The Algorithm Was Supposed to Save Lives, Deaths Rose Instead

Published March 2025

In 2019, UPMC quietly rolled out what it called a breakthrough. The Pittsburgh-based health giant had spent years building a machine learning algorithm, trained on records from more than 1.25 million patients, designed to predict which surgical patients were most likely to die or suffer a serious complication. Deployed across 20 of its hospitals, the tool would scan patient charts each morning and flag the highest-risk cases before surgeons ever made the first incision. The goal, according to Dr.
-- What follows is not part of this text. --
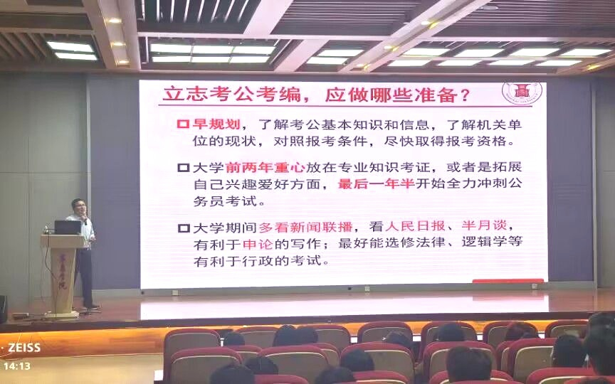 在讲座中,郑老师从考公、考研、考集团以及进入食品行业几个方面进行了精彩分享。通过分析历年相关数据,清晰明了地解读了目前高校学生的择业和就业情况。另外,他也针对性地对考公考研等方面提出了有效建议和技巧。最后,郑老师向全体学生提出了几点要求,既每位学生在校期间都要切实做好规划,积极参与各项实践活动,努力提升学习能力、科研能力及综合能力,进而提升自己的核心竞争力,为毕业和就业尽早做好准备。

Aman Mahajan, the algorithm's lead architect, was to give clinicians "a more objective, data-driven assessment of who might run into trouble after surgery."
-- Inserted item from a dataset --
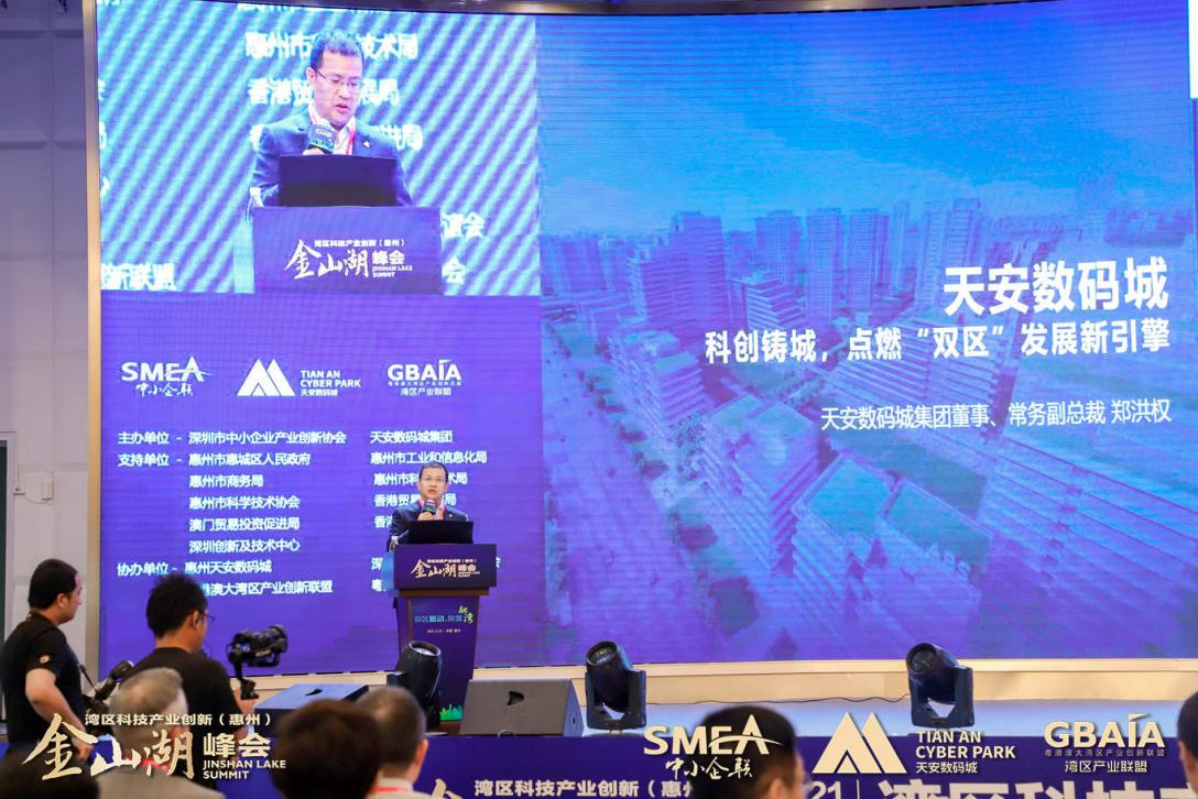 天安數(shù)碼城集團(tuán)董事、常務(wù)副總裁鄭洪權(quán)《天安數(shù)碼城——打造粵港澳大灣區(qū)科技創(chuàng)新引擎》演講中

The data suggests that assessment was not enough.

Surgical team in operating room

The Rise

Federal records show that in the years following the algorithm's deployment, the rate of deaths among surgical patients who experienced serious but treatable complications climbed sharply across UPMC's hospitals. At UPMC Altoona, the rate rose from 161 deaths per 1,000 such patients in the 2019–2021 period to 259 by 2022–2024, a 61 percent increase that now ranks Altoona first in the country for this measure, the highest PSI-04 mortality rate of any of the 1,524 hospitals reporting to CMS in the most recent data. UPMC Hamot rose from 158 to 234, and UPMC Mercy from 169 to 234, both ranking in the top 15 nationally.

Across the UPMC system, the rate climbed from 149 to 195, well above both the Pennsylvania state average and the national benchmark, each of which rose only modestly over the same period.

The measure, PSI-04, tracked by the Centers for Medicare and Medicaid Services, is designed specifically to capture deaths that should not have happened. It counts surgical patients who develop a serious complication and then die, with the underlying assumption that these are deaths medicine had a chance to prevent. Dr. Mahajan, in an interview, acknowledged the weight of that framing. "PSI-04 focuses on patients who developed serious complications and then died, cases where medicine, theoretically, had an opportunity to intervene," he said. "When that number increases, it raises a fundamental question: Were high-risk patients identified but not effectively managed? Or were the interventions insufficient? Prediction is only the first step. What matters is what happens after the risk is identified."

Screenshot

In theory, the tool was designed to trigger a chain of action. Each morning, surgical teams would receive a list of flagged patients, prompting, as Dr. Mahajan described it, "heightened vigilance, perhaps additional monitoring, consultations, or changes to surgical planning." But he acknowledged the gap between alert and outcome is not automatic. "An algorithm can demonstrate strong predictive accuracy, but that does not automatically improve outcomes. There has to be a clear workflow: Who responds to the alert? What resources are mobilized? Is there adequate staffing to act on those warnings? Without an effective response system, prediction alone does not save lives."

The Gap

UPMC has not responded to questions about the divergence between the algorithm's promised outcomes and its hospitals' PSI-04 trajectory. One defense the health system might offer is that its patients are simply becoming sicker and more complex over time. Dr. Mahajan pushed back on that framing. "PSI-04 is risk-adjusted," he said. "It's designed to account for underlying illness. If rates are rising substantially above state and national benchmarks, it suggests there may be structural factors at play beyond patient mix alone."

Waffle chart showing excess deaths by healthcare system compared to US benchmark

Each square represents 1 excess death per 100,000 patients compared to the US national benchmark

His broader conclusion was pointed. "AI is a tool, not a solution," he said. "If a hospital system promotes AI as a safety breakthrough, it also assumes responsibility for demonstrating that it improves real-world outcomes. Otherwise, we risk mistaking predictive sophistication for clinical effectiveness."

For the patients counted in rising mortality rates, that distinction is not academic.